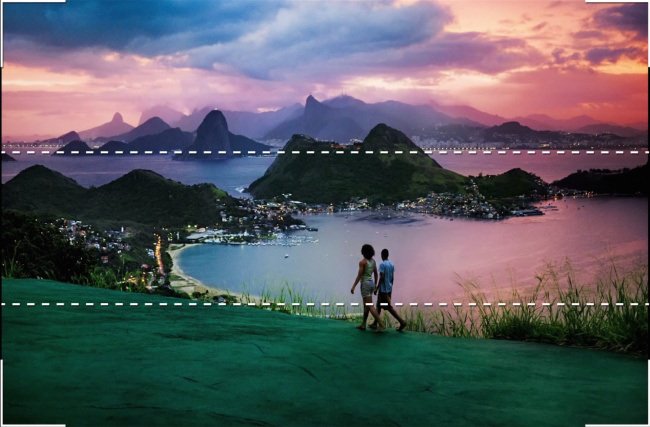 ΠΠ° ΡΠΎΡΠΊΠ°Ρ ΠΏΠ΅ΡΠ΅ΡΠ΅ΡΠ΅Π½ΠΈΡ ΠΈ Π»ΠΈΠ½ΠΈΡΡ ΡΡΠΎΠΉΒ ΡΠ΅ΡΠΊΠΈ ΠΏΡΠΈΠ½ΡΡΠΎ ΡΠ°ΡΠΏΠΎΠ»Π°Π³Π°ΡΡ Π²Π°ΠΆΠ½ΡΠ΅ ΠΎΠ±ΡΠ΅ΠΊΡΡ ΠΈΠ»ΠΈ Π»ΠΈΠ½ΠΈΠΈ ΡΠΎΡΠΎΠ³ΡΠ°ΡΠΈΡΡΠ΅ΠΌΠΎΠ³ΠΎ ΠΈΠ·ΠΎΠ±ΡΠ°ΠΆΠ΅Π½ΠΈΡ. ΠΠ°ΠΏΡΠΈΠΌΠ΅Ρ,Β ΡΠΎΠ²ΠΌΠ΅ΡΠ°ΠΉ Π»ΠΈΠ½ΠΈΡ Π³ΠΎΡΠΈΠ·ΠΎΠ½ΡΠ° Ρ Π½ΠΈΠΆΠ½Π΅ΠΉ Π»ΠΈΠ½ΠΈΠ΅ΠΉ ΡΠ΅ΡΠΊΠΈ, Π΅ΡΠ»ΠΈ Π½ΡΠΆΠ½ΠΎ ΡΠ΄Π΅Π»Π°ΡΡ Π°ΠΊΡΠ΅Π½Ρ Π½Π° Π½Π΅Π±ΠΎ. ΠΠ°ΠΊ Π½Π° ΡΡΠΎΠΉ ΡΠΎΡΠΎΠ³ΡΠ°ΡΠΈΠΈ Ρ ΠΎΠ΄ΠΈΠ½ΠΎΠΊΠΎΠΉ ΡΠΎΡΠ½ΠΎΠΉ Π½Π° Π²Π΅ΡΡΠΈΠ½Π΅ ΠΠ΅ΠΌΠ΅ΡΠ΄ΠΆΠΈβ¦Β
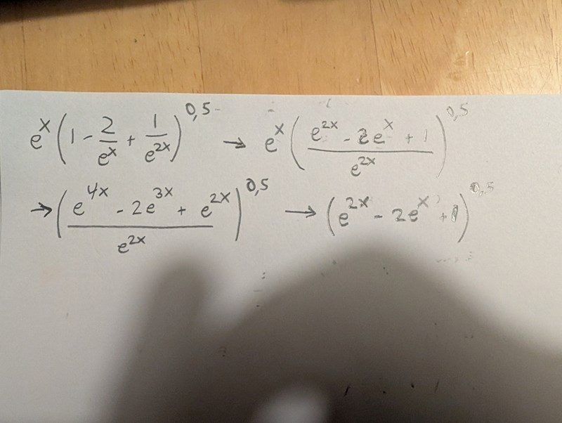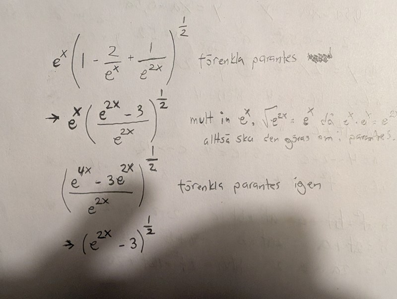 Men jag förstår ju inte.. varför är roten ur e^2x = e^x ? Just det för e^x × e^x = e^2x. Ok vänta ska försöka räkna..
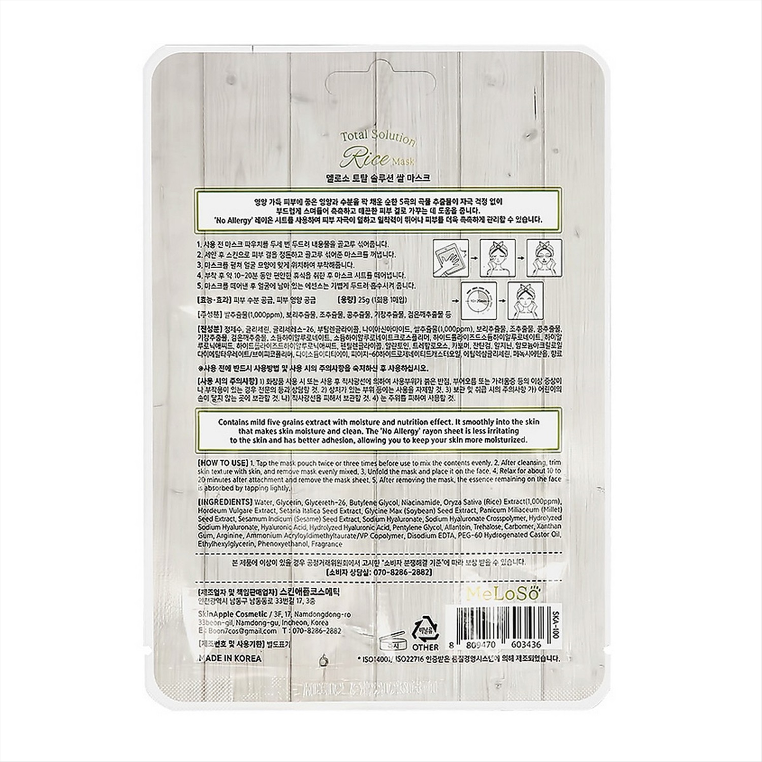 Рисовый экстракт способствует отшелушиванию ороговевших клеток, за счет чего тон кожи выравнивается, а также он обеспечивает увлажняющий и смягчающий эффект. Все компоненты в составе маски интенсивно воздействуют на кожу, обеспечивая долговременный эффект увлажнения, устраняя ощущение стянутости и шелушение. Тканевая основа маски плотно прилегает к коже, повторяя все контуры лица, и способствует активному проникновению полезных компонентов в глубокие слои кожи.
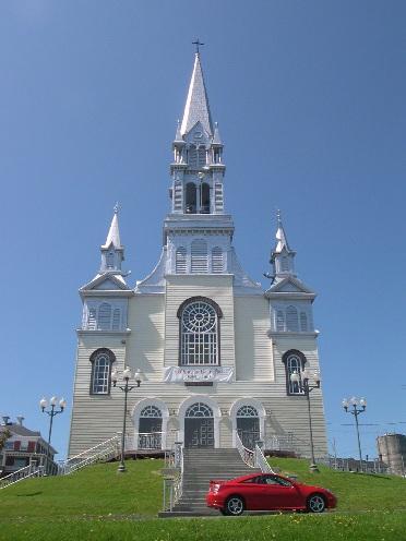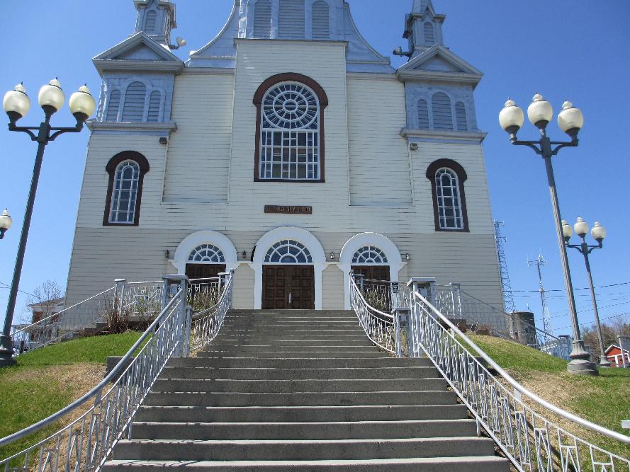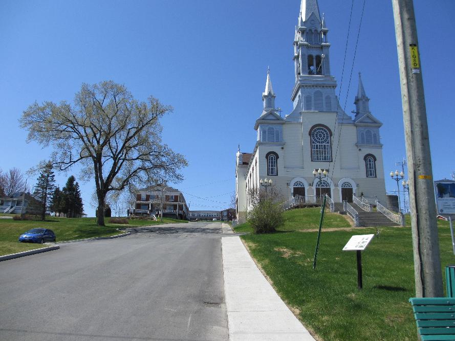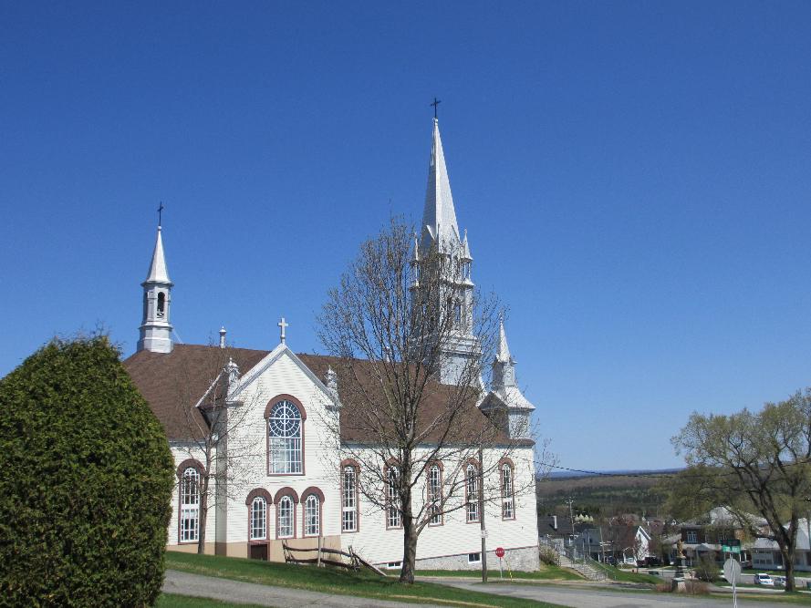 En mai 1902, Jean Larochelle commence la construction de l'église en bois pour la somme de 10 300 $. Suivant les plans de l'architecte Joseph-Georges Bussières (né en 1865), la charpente a 150 pieds de longueur par 60 pieds de largeur et une hauteur de 45 pieds. Deux sacristies encerclent le choeur. Le premier curé résidant Louis-Adolphe Grenier chante la première messe le 22 octobre 1903. Par la même occasion, on procède à la bénédiction des trois cloches : Marcel-Prosper, Joseph-Eugène et Louis-Nazaire.
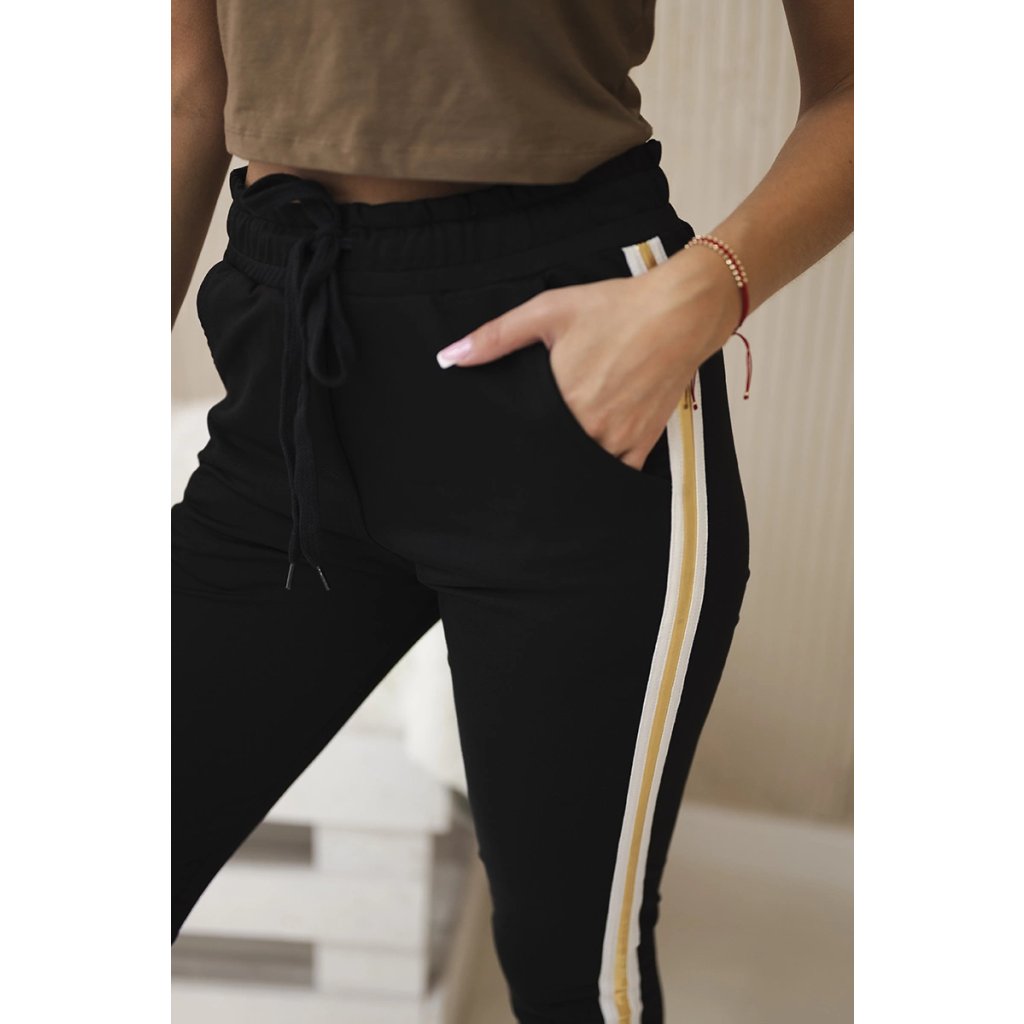 Bavlnené nohavice so zlatým lampasom čierne
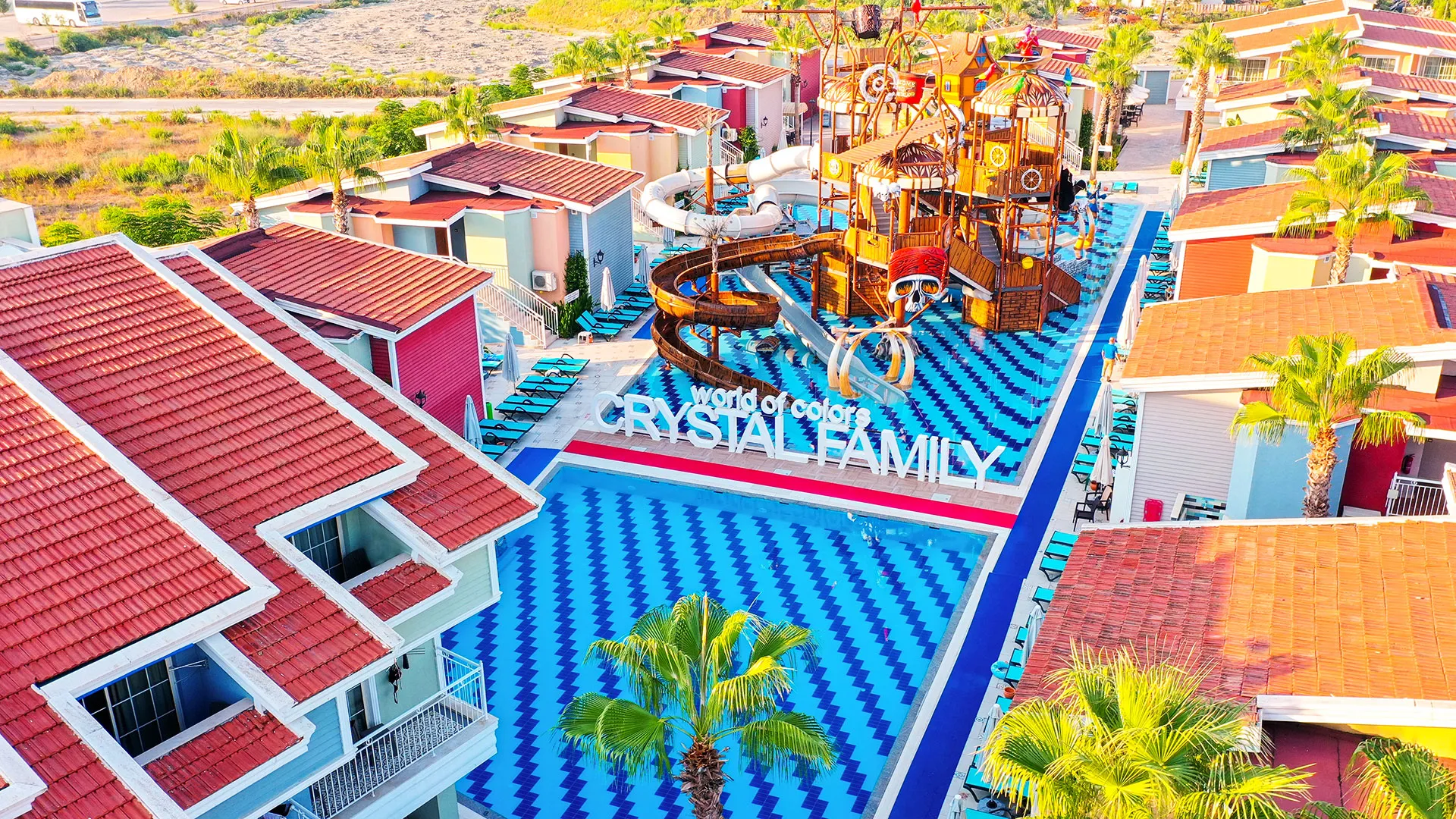 Добре дошли в Crystal Club World of Colours, единственият в своя род хотелски комплекс, разположен в сърцето на Белек, в непосредствена близост от вълшебния тематичен парк The Land of Legends.

______________________________

Required work
Return the listing unchanged, but drop every picture.

Answer to this problem
 ΠΠ° ΡΠΎΡΠΊΠ°Ρ ΠΏΠ΅ΡΠ΅ΡΠ΅ΡΠ΅Π½ΠΈΡ ΠΈ Π»ΠΈΠ½ΠΈΡΡ ΡΡΠΎΠΉΒ ΡΠ΅ΡΠΊΠΈ ΠΏΡΠΈΠ½ΡΡΠΎ ΡΠ°ΡΠΏΠΎΠ»Π°Π³Π°ΡΡ Π²Π°ΠΆΠ½ΡΠ΅ ΠΎΠ±ΡΠ΅ΠΊΡΡ ΠΈΠ»ΠΈ Π»ΠΈΠ½ΠΈΠΈ ΡΠΎΡΠΎΠ³ΡΠ°ΡΠΈΡΡΠ΅ΠΌΠΎΠ³ΠΎ ΠΈΠ·ΠΎΠ±ΡΠ°ΠΆΠ΅Π½ΠΈΡ. ΠΠ°ΠΏΡΠΈΠΌΠ΅Ρ,Β ΡΠΎΠ²ΠΌΠ΅ΡΠ°ΠΉ Π»ΠΈΠ½ΠΈΡ Π³ΠΎΡΠΈΠ·ΠΎΠ½ΡΠ° Ρ Π½ΠΈΠΆΠ½Π΅ΠΉ Π»ΠΈΠ½ΠΈΠ΅ΠΉ ΡΠ΅ΡΠΊΠΈ, Π΅ΡΠ»ΠΈ Π½ΡΠΆΠ½ΠΎ ΡΠ΄Π΅Π»Π°ΡΡ Π°ΠΊΡΠ΅Π½Ρ Π½Π° Π½Π΅Π±ΠΎ. ΠΠ°ΠΊ Π½Π° ΡΡΠΎΠΉ ΡΠΎΡΠΎΠ³ΡΠ°ΡΠΈΠΈ Ρ ΠΎΠ΄ΠΈΠ½ΠΎΠΊΠΎΠΉ ΡΠΎΡΠ½ΠΎΠΉ Π½Π° Π²Π΅ΡΡΠΈΠ½Π΅ ΠΠ΅ΠΌΠ΅ΡΠ΄ΠΆΠΈβ¦Β
 Men jag förstår ju inte.. varför är roten ur e^2x = e^x ? Just det för e^x × e^x = e^2x. Ok vänta ska försöka räkna..
 Рисовый экстракт способствует отшелушиванию ороговевших клеток, за счет чего тон кожи выравнивается, а также он обеспечивает увлажняющий и смягчающий эффект. Все компоненты в составе маски интенсивно воздействуют на кожу, обеспечивая долговременный эффект увлажнения, устраняя ощущение стянутости и шелушение. Тканевая основа маски плотно прилегает к коже, повторяя все контуры лица, и способствует активному проникновению полезных компонентов в глубокие слои кожи.
 En mai 1902, Jean Larochelle commence la construction de l'église en bois pour la somme de 10 300 $. Suivant les plans de l'architecte Joseph-Georges Bussières (né en 1865), la charpente a 150 pieds de longueur par 60 pieds de largeur et une hauteur de 45 pieds. Deux sacristies encerclent le choeur. Le premier curé résidant Louis-Adolphe Grenier chante la première messe le 22 octobre 1903. Par la même occasion, on procède à la bénédiction des trois cloches : Marcel-Prosper, Joseph-Eugène et Louis-Nazaire.
 Bavlnené nohavice so zlatým lampasom čierne
 Добре дошли в Crystal Club World of Colours, единственият в своя род хотелски комплекс, разположен в сърцето на Белек, в непосредствена близост от вълшебния тематичен парк The Land of Legends.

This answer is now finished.